Plenary Speakers
There will be three general sessions, including four speakers:
Sam Kaplan, UNC Asheville, 2012 Section Teaching Award Recipient
 
Math Ambassador
As professional math educators we are math ambassadors whether or not we choose this mantle. Interaction with students, faculty, administrators, neighbors, family and even store clerks becomes an opportunity to talk about. We will cover some of the pros and cons of this type of behavior, how to choose your battles and what people mean when they say they don't like math. We will also distinguish between in-reach, outreach and peer reach.
Hua Wang, Georgia Southern University, 2012 Section Teaching Award for Beginning
Faculty Recipient
 
Colonel Blotto's Winning Ways
 
Colonel Blotto's game, originally a game theory topic, seeks strategies in a two-player game to allocate soldiers across battlefields. Through a modified version of the game, basic Enumerative Combinatorics is connected to a resource allocation problem. This talk contains joint work with Georgia Southern students Alex Collins, Charles Dedrickson, and Toby Sanders.

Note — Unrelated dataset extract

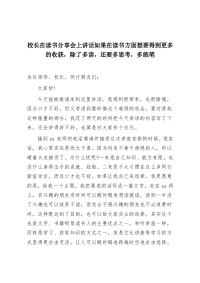 校长在读书分享会上讲话如果在读书方面想要得到更多的收获,除了多读,还要多思考,多练笔
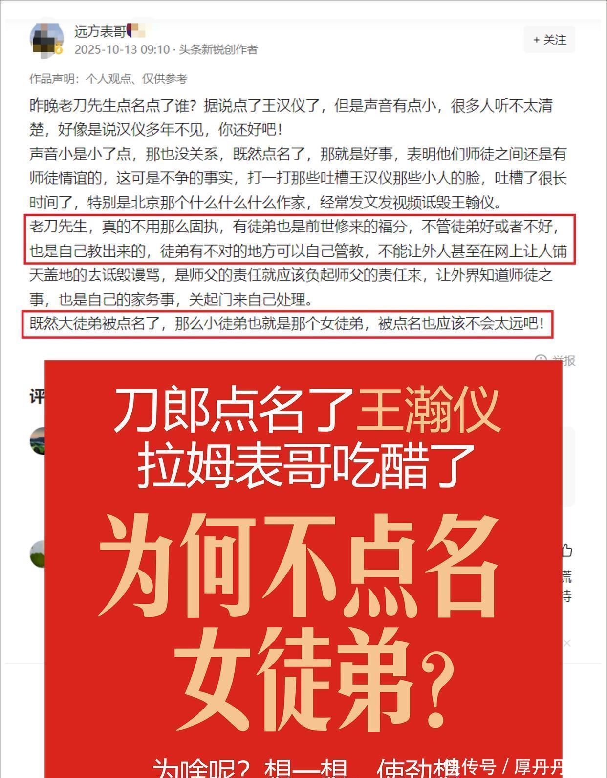 这无疑是对那些长期诋毁王瀚仪之人的有力回击,尤其是北京那位所谓的“作家”,常常发文发视频对王瀚仪进行恶意诋毁,而刀郎的这次点名,就像一记响亮的耳光,打在了这些小人的脸上。然而,就在众人沉浸在这份师徒情深的感动中时,拉姆的远房表哥却跳了出来,13号大清早就发文,酸溜溜地提及此事。他似乎对王瀚仪被点名一事心怀不满,言语间尽是醋意。表哥说,既然大徒弟都被点名了,那女徒弟是不是也快了?表哥喝多了,多睡会,梦里啥都有。

Hugh Howards, Wake Forest University, 2012-2013 Section Lecturer
 
Forming the Borromean Rings from Random Curves
 
The Borromean Rings in their most common representation appear to be made out of round circles, but a result of Mike Freedman and Richard Skora shows that this is impossible. Although they cannot be built out of round circles, the link can be built out of planar convex curves. For example, one can form them from two circles and an ellipse.
We address numerous results and open questions about the Borromean rings including a surprising conjecture that circles are, in fact, the only unknotted curves that cannot be used to form them. We give a partial answer to the validity of that conjecture and then point out that whether the answer is yes or no may well depend on how you interpret its phrasing.
No background in knot theory or topology is necessary and the talk is designed to be accessible to undergraduates with a general interest in mathematics.
Rick Gillman, Valparaiso University and MAA Chair of the Committee on Sections
 
Why do Left-handed People Survive?
 
This talk explores the question of why people are predominately right-handed, a trait shared by no other species. It answers the title question by considering the cultural, biological, and genetic explanations for our left-handedness. In particular, an evolutionary game theoretic model is offered to explain why it may be advantageous (from and evolutionary perspective) to have a fraction of the population be left-handed.
General sessions will be held in the DiGiorgio Campus Center.